On August 18 in Dublin, Ireland, the fanfiction site Archive Of Our Own won a Hugo Award, considered one of the biggest awards in the sci-fi and fantasy genre, in the category of Best Related Work.  

AO3, as it’s known worldwide, is an online platform where anyone can post creative work based on any existing creative work. And post they do, says Muhlenberg English Professor Francesca Coppa, one of the earliest creative minds behind the site and one of its architects.

There are now nearly five million works archived on the AO3 site—written pieces, artwork, videos and podcasts, all based on published books, films, TV shows, music videos and more. Millions of fans visit, often every day, to consume and comment on the content.

The Hugo nomination was a big deal, said Coppa in a recent NPR interview, because fan fiction has been so dismissed for so long. “Fan-fiction writers are some of the oldest denizens of the internet 'cause we're geek girls. And as geek girls, we were on Usenet back when the internet was two cans and a piece of string.”

The win is even sweeter.

“With my English professor hat on, I’m really proud of AO3 from a literary point of view—as a grassroots community of readers and writers,” she says.

Coppa, shown with author Neil Gaiman during Muhlenberg's 2015 Living Writers program, is also the new director of the College’s women’s and gender studies program and a media studies scholar. Wearing those hats, she says, “I’m proud that, as a piece of software, AO3’s a feminist work. When we designed and built the platform it was 95 percent done by women. It’s a female-dominated, open-source coding project with a women-led development team, which was and may still be unprecedented."

"We also chose to build the archive with humanity-based values and feminist HCI (human computer interaction)," she adds. "There is no data mining, no sticky features to either addict you or exploit you by using your data. We don't do any of the things which make for-profit social media sites so toxic.”

The coders began work in 2007 and the site opened 10 years ago, in 2009. It was named one of the 50 Best Websites by Time in 2013.

A donation-funded site, AO3 has also been lauded for its site architecture because it uses its community of fans to help organize the content. A recent piece in Wired says AO3 has “perfected a system of tagging that the rest of the web could emulate” using “tag wranglers” to merge tech with humanity.

“There’s a lot of effort in just keeping AO3 up and running and it’s all volunteer labor,” says Coppa.  “The coders worked and still work for free—it represents millions of dollars of free coding—as do the sysadmins, the tag wranglers, the abuse team and the volunteers who answer users’ questions. It works because there are so many of us. We’re really what the web was originally meant to be.”

The site is also increasingly global in scope with fans posting content in at least 50 languages.

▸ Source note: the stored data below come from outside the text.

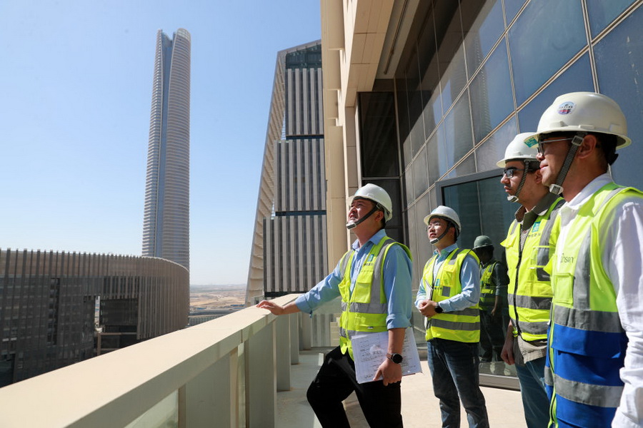 由中建集团承建的埃及新行政首都中央商务区不仅是埃及国家复兴计划的重要工程,也是中埃共建“一带一路”的重点。在项目建设过程中,中埃参建单位共同努力,借鉴中国成熟方案,通过加强公共交通规划、采用节能建筑技术、降低建设资源消耗、提升能源使用效率等一系列措施,打造“绿色项目”,也为埃及的绿色科技创新、绿色产业升级提供借鉴。这是2024年9月18日,机电工程团队在建设现场工作。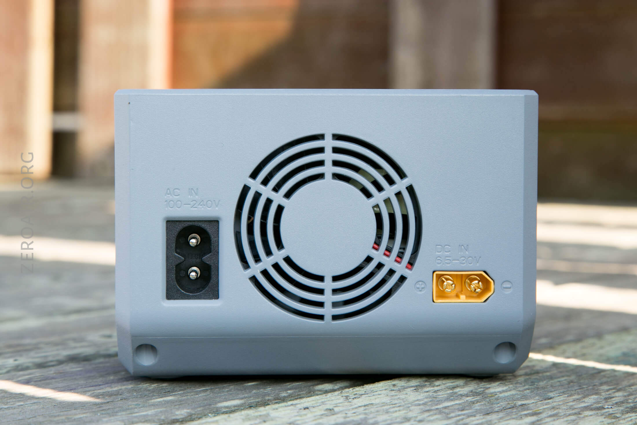 The back has a fairly large fan and also two inputs. On the left is the AC input (again, non-polar). On the right is a polarized DC input. The plug itself is a male XT60 connector. More on that later.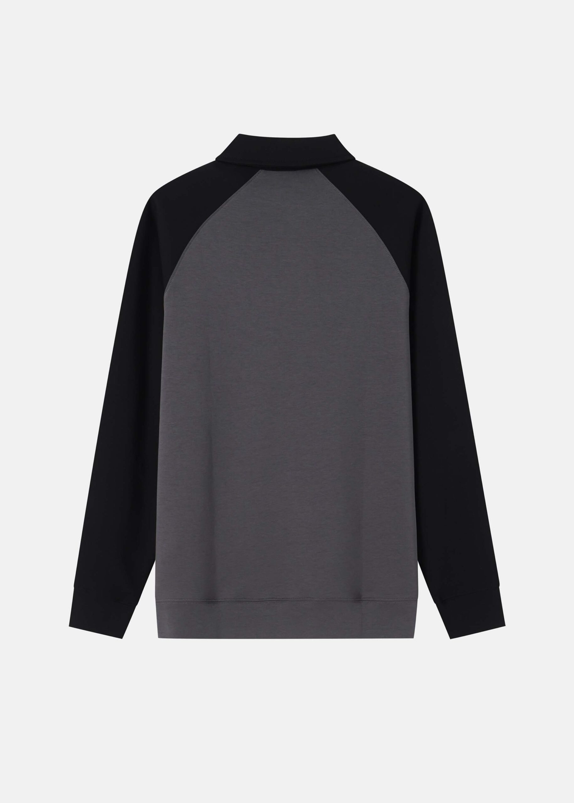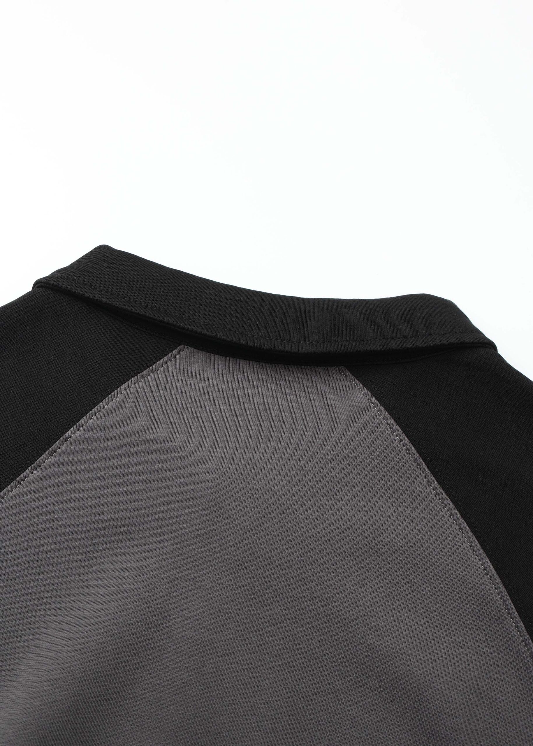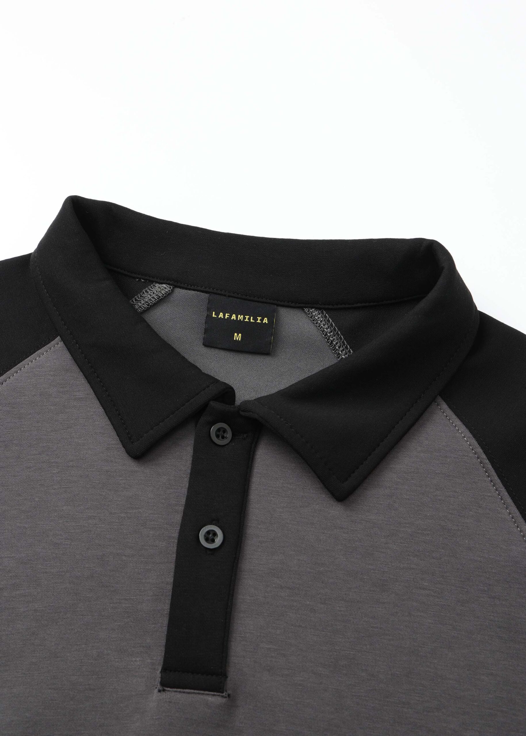 Men polo shirt, color-block, rolled collar with front buttons, long sleeves with tight cuff, unique and modern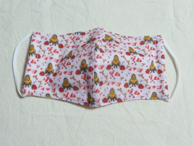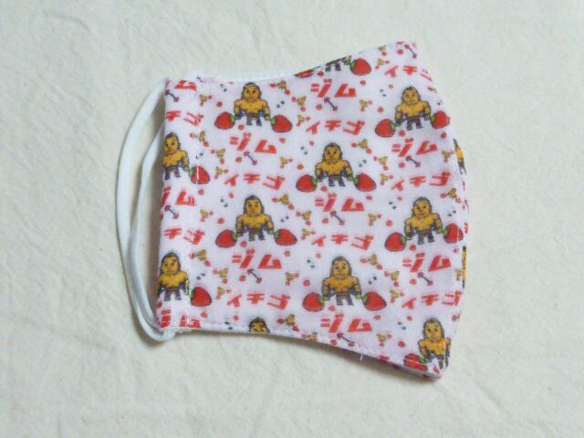イチゴジムハンドメイドガーゼ布マスク【特別ロゴver.】ライトピンク

As some countries, like China, are increasingly restricting free speech, Coppa says they are seeing a corresponding explosion in the number of volunteers helping translate fanworks into Mandarin.

Coppa adds, “The Hugo was for all of it—because it's a participatory artists’ community but also because it’s a fan-built social network and a female-designed and -led community software project.”

Nothing said this more powerfully than when one of AO3’s founders Naomi Novik, accepting the Hugo Award, invited anyone in the audience who was part of the AO3 community to stand and accept the award with them. Meredith Rose on Public Knowledge wrote, “In response, a full third of the room of professional authors, editors, artists, journalists, commenters and publishers stood. It was a watershed moment that upended the outdated image of readers and consumers as passive recipients.”